Le nationalisme han tardif fonda une partie de son identité sur la mémoire de la résistance Song. La loyauté de Lu Xiufu et Zhang Shijie, qui préférèrent mourir que capituler, devint un modèle de fidélité confucéenne. Quand la rébellion Han renversa les Yuan en 1368 pour fonder la dynastie Ming, ses dirigeants se présentèrent comme les restaurateurs de la Chine "authentique" contre l'occupant étranger — filiation narrative directe avec la résistance de Yamen.
Le saviez-vous ?
Un détail singulier : avant que la bataille ne commence, un officier Song avait proposé à Zhang Shijie de libérer les navires les uns des autres pour permettre des manœuvres. L'amiral refusa, craignant une désertion de masse si les navires pouvaient naviguer librement. Cette décision, compréhensible humainement, transforma la forteresse flottante en piège mortel : les navires enchaînés ne pouvaient ni manœuvrer pour éviter les brûlots, ni fuir. La méfiance envers ses propres hommes contribua à la défaite finale. L'inscription sur une stèle érigée à Yamen plusieurs siècles plus tard par un lettré chinois résume la tragédie : "Ici, la Chine périt."
Généraux impliqués
Les fiches de ces généraux ne sont pas encore disponibles.
Batailles liées
Questions fréquentes
Pourquoi la conquête mongole de la Chine du Sud prit-elle si longtemps ?
La résistance Song du Sud (1234–1279) dura quarante-cinq ans après la chute de la Chine du Nord Jin, pour plusieurs raisons. La géographie d'abord : le sud de la Chine est sillonné de fleuves, canaux et rizières où la cavalerie mongole perd son avantage décisif. La densité urbaine ensuite : de grandes cités comme Xiangyang (assiégée cinq ans) pouvaient tenir longtemps grâce à leurs remparts et leurs réserves. Enfin, la marine Song était technologiquement avancée, avec des navires à rames et à voiles, des canons à poudre précoces et du feu grégeois — avantages que les Mongols durent apprendre à contrer en recrutant des ingénieurs persans et chinois.
Qu'est-ce que la dynastie Yuan et comment s'est-elle terminée ?
La dynastie Yuan, fondée par Kubilai Khan en 1271, fut la première à unifier toute la Chine sous une règle étrangère (mongole).
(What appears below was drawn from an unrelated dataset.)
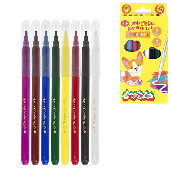 Новые фломастеры Каляка-Маляка® - это 7 ярких цветов, легко исчезающих с бумаги, с помощью волшебного белого фломастера-поглотителя. Дети в восторге от таких экспериментов, ведь на их глазах творится настоящее волшебство!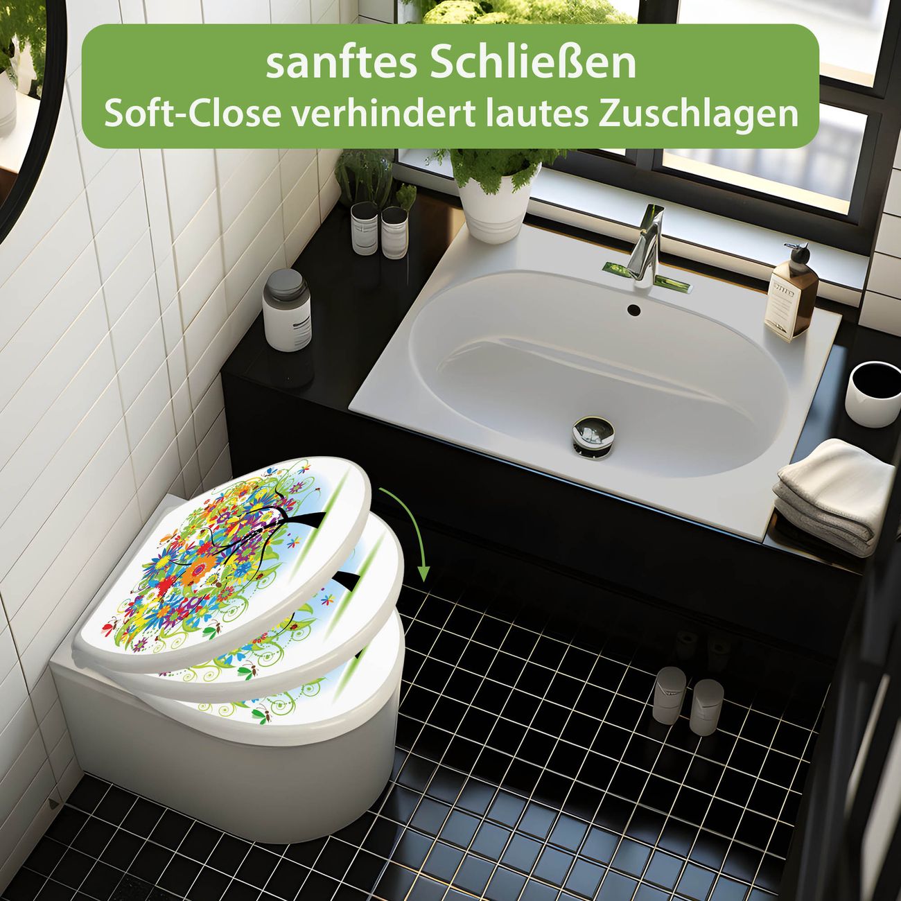 - Material: WC-Sitz und Deckel aus robustem Duroplast

Elle dura jusqu'en 1368, date à laquelle une série de révoltes paysannes — notamment la révolte des Turbans Rouges — chassa les Mongols. Le fondateur de la nouvelle dynastie Ming, Zhu Yuanzhang, était un ancien moine mendiant d'origine paysanne qui incarna le rejet de la domination étrangère. Les Yuan se replièrent en Mongolie où ils survécurent comme la "Dynastie Yuan du Nord" jusqu'en 1635. La période Yuan reste dans la mémoire chinoise comme une occupation traumatique malgré son ouverture commerciale.
Quel est l'héritage de la résistance Song dans la culture chinoise ?
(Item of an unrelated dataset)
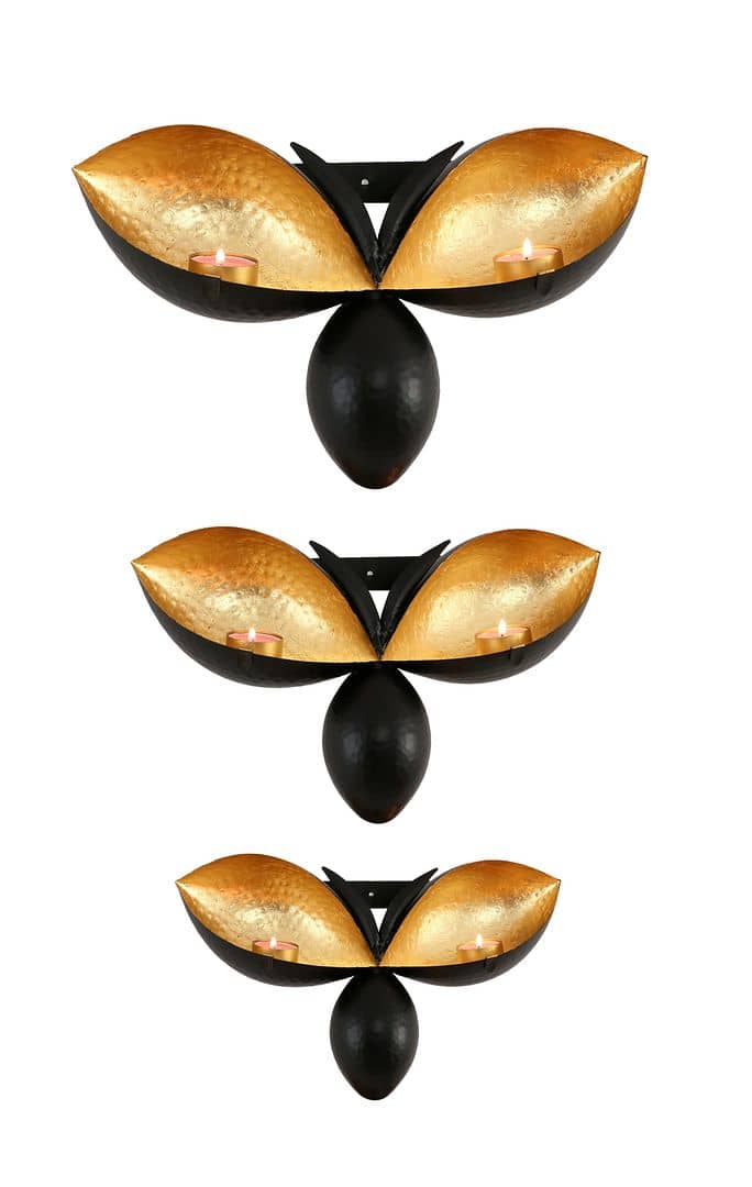 Bee Shape Wall Mounted Black Gold Candle Holders - Set of 3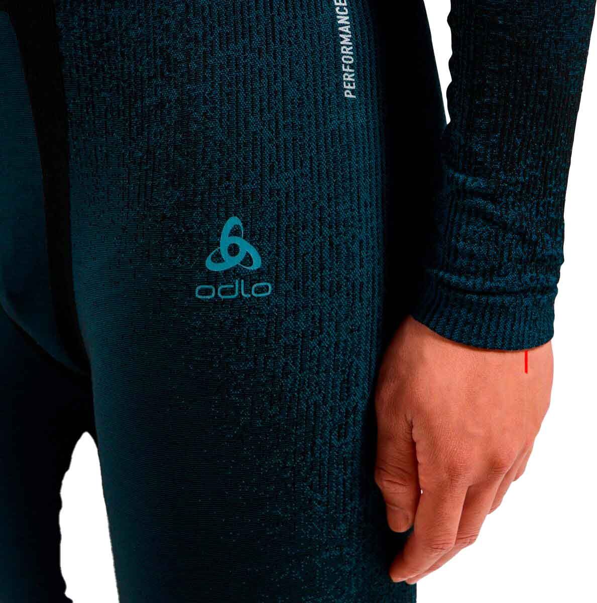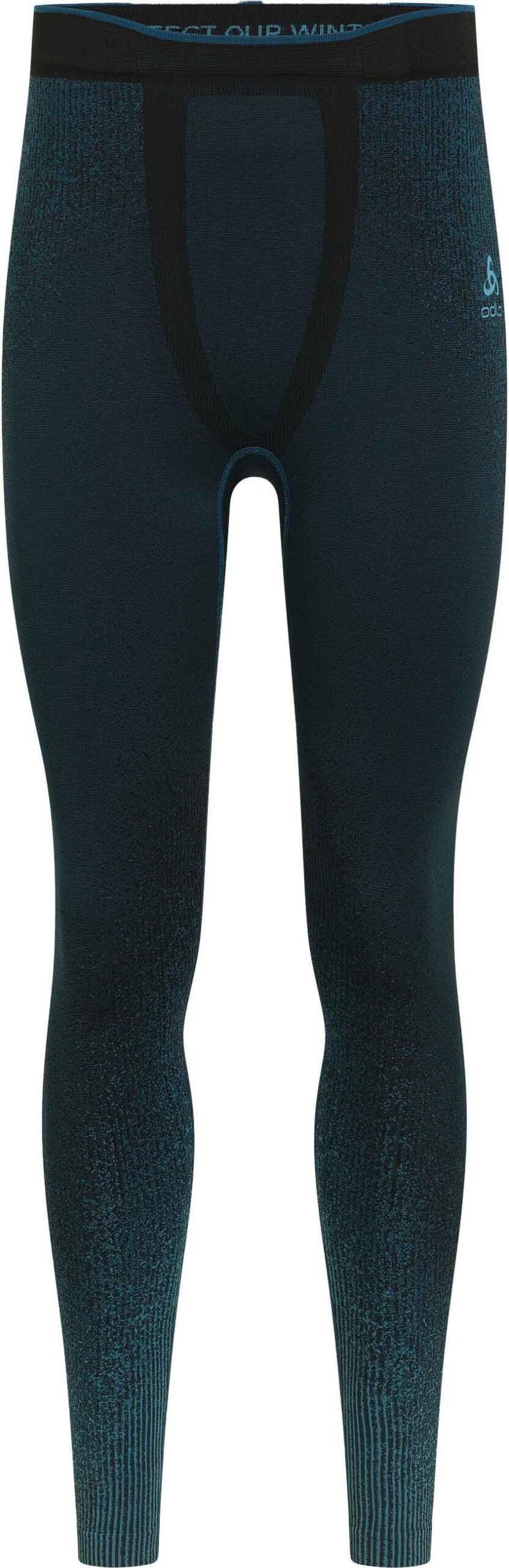 Collant technique long Odlo Performance Warm Blackcomb Provincial Blue homme, sans coutures, chaud et respirant pour activités hivernales intenses, en matière recyclée avec traitement antibactérien naturel.

La résistance Song face aux Mongols, et particulièrement le sacrifice de Yamen, occupe une place importante dans la culture politique confucéenne. Les derniers défenseurs Song — Lu Xiufu, Zhang Shijie, et d'autres — incarnèrent le concept de loyauté absolue (zhong) au souverain et à la civilisation. Leurs biographies furent intégrées dans les recueils d'exemples moraux. La formule "la Chine périt ici" reste citée en Chine aujourd'hui. Paradoxalement, la période Song est souvent regardée rétrospectivement comme un "âge d'or" culturel et économique, ce qui renforça la nostalgie pour une Chine "authentique" antérieure à la domination mongole.